──────── Provided records ────────
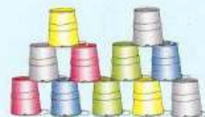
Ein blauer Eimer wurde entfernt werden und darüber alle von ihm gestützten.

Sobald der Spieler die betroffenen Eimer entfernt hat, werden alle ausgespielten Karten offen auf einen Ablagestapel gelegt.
────────
──────── Provided records ────────
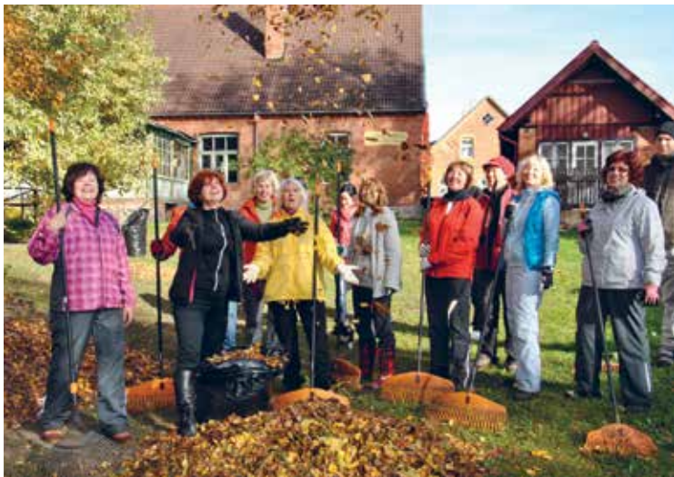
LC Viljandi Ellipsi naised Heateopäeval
────────
### Your goal
Please reproduce the lines from the line with "Ein blauer Eimer" to the line with "Sobald der Spieler", both ends included, exactly as they appear above.

### Reply to the task
Ein blauer Eimer wurde entfernt werden und darüber alle von ihm gestützten.

Sobald der Spieler die betroffenen Eimer entfernt hat, werden alle ausgespielten Karten offen auf einen Ablagestapel gelegt.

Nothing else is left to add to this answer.